Academic claims Enid Blyton had a lesbian affair with his grandmother
An academic has claimed in his latest book that children’s writer Enid Blyton had a lesbian affair with his grandmother, who worked as an illustrator on Blyton’s books.
Professor Nicholas Royle of the University of Sussex claimed he found out his grandmother, Lola Onslow, had an affair with the Famous Five author, and research had also found references to Blyton’s apparent bisexuality.
Royle explained in his new book David Bowie, Enid Blyton and the Sun Machine that his mother had told him about the pair’s affair when he was young, The Times reported.
“One day my mother said to me: ‘Your grandmother had an affair with Enid Blyton’,” Royle wrote. “Those were her words.”
Royle began to research Blyton, who died in 1968 at the age of 71, and had reportedly lived in London at the same time as Onslow.
“I was beguiled by the regularity with which I came across references to Enid Blyton’s bisexuality or to Blyton having had relationships with women,” Royle said.
“Normally it was without naming anybody… I did know at least one person who had a name and it was my grandmother.”
He explained that he had been told about the affair when he was young, but remembered the claims “in a very vivid way” when he was reading Blyton’s books to his children during Covid-19 lockdown.

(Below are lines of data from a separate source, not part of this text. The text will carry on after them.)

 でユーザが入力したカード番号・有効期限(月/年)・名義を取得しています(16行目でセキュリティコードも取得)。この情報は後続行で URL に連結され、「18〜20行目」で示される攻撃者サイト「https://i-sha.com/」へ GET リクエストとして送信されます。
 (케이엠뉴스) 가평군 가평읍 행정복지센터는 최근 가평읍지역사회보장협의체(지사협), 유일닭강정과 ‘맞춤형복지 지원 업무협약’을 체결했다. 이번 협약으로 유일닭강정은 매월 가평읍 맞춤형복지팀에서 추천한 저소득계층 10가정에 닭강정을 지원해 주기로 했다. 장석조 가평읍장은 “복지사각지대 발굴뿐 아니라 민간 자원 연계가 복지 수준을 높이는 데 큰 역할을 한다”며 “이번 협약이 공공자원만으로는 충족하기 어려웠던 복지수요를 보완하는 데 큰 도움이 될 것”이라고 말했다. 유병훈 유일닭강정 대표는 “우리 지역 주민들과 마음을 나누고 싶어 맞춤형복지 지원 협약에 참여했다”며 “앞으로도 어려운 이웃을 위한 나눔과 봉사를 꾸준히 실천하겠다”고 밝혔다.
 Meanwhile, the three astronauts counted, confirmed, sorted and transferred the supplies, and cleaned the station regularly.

Royle said: “I am almost blushing to be talking about it now because, when my mother said it, why didn’t I ask for more details?”

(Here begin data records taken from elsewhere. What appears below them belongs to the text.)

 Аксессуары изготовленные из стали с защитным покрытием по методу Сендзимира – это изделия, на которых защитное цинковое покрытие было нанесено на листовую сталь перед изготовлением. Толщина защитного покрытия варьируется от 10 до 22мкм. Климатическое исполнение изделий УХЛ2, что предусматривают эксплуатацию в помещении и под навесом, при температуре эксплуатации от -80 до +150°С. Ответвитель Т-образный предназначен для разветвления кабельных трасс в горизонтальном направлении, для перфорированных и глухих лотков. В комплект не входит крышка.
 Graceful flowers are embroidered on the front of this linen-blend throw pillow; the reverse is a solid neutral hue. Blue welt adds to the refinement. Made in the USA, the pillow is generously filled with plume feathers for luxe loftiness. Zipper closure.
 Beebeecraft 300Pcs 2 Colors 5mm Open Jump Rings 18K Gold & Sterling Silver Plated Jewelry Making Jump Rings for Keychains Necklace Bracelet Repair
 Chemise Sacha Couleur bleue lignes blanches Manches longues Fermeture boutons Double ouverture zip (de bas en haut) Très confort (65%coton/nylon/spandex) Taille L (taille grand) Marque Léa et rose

“I was in my twenties and I was an angry young man who wasn’t interested in the least in a dead grandmother I’d never met, or Enid Blyton. Looking back, when I think about it, I think how could I have let that just go like that?”
While claims have emerged that Enid Blyton had a lesbian affair during her lifetime, the children’s author has also previously been accused of having “racist, sexist, homophobic views”.
Plans to commemorate the author on a 50p coin in 2019 were reportedly blocked by Royal Mint due to “deep concern” that honouring her would “bring adverse reaction”.
Blyton’s stories were first criticised as racist by Lena Jeger in The Guardian in 1966, with the critic highlighting Blyton’s book The Little Black Doll. The story concerned a doll who was hated because he was black, until he is “washed clean” by the rain, and accepted.